# AIM OF THE TASK
Only these lines of the data below are wanted: the one with "4、 在默认个人模板位置栏中输入自定义Word模板的存储路径。", the one with "A live bacteria", and any lines between them, each repeated exactly.

Segment Start: DATA EXTRACTS

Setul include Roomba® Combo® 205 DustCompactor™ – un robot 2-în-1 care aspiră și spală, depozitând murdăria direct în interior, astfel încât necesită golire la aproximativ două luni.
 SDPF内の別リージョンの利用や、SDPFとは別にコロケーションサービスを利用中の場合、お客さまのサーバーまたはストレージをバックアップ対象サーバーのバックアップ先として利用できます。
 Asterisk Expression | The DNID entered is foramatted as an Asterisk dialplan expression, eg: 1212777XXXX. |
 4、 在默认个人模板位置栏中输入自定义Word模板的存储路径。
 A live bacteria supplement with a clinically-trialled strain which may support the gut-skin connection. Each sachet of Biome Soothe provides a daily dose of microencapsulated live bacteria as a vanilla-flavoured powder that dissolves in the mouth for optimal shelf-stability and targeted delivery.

Segment End: DATA EXTRACTS
Segment Start: DATA EXTRACTS

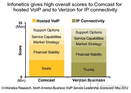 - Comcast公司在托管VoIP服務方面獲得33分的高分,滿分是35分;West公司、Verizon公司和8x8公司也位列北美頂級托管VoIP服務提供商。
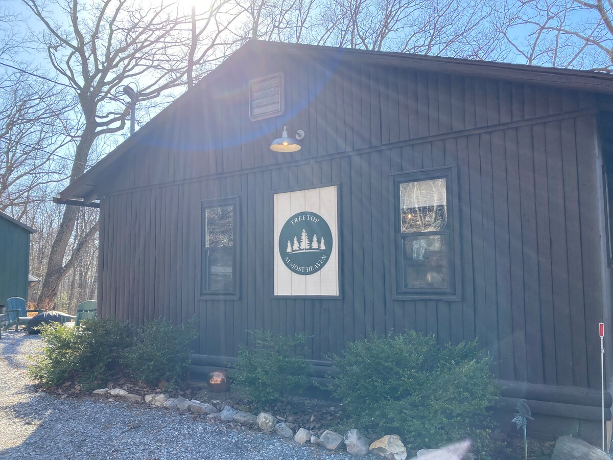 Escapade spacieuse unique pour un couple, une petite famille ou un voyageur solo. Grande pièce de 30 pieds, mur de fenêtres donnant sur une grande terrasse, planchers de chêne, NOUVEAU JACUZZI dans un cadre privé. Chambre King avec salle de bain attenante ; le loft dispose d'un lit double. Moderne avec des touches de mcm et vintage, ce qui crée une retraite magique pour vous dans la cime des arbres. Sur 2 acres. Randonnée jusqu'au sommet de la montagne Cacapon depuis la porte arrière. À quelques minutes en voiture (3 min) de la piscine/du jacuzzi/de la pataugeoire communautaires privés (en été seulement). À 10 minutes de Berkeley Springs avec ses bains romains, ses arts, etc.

Segment End: DATA EXTRACTS

# TASK OUTPUT
 4、 在默认个人模板位置栏中输入自定义Word模板的存储路径。
 A live bacteria supplement with a clinically-trialled strain which may support the gut-skin connection. Each sachet of Biome Soothe provides a daily dose of microencapsulated live bacteria as a vanilla-flavoured powder that dissolves in the mouth for optimal shelf-stability and targeted delivery.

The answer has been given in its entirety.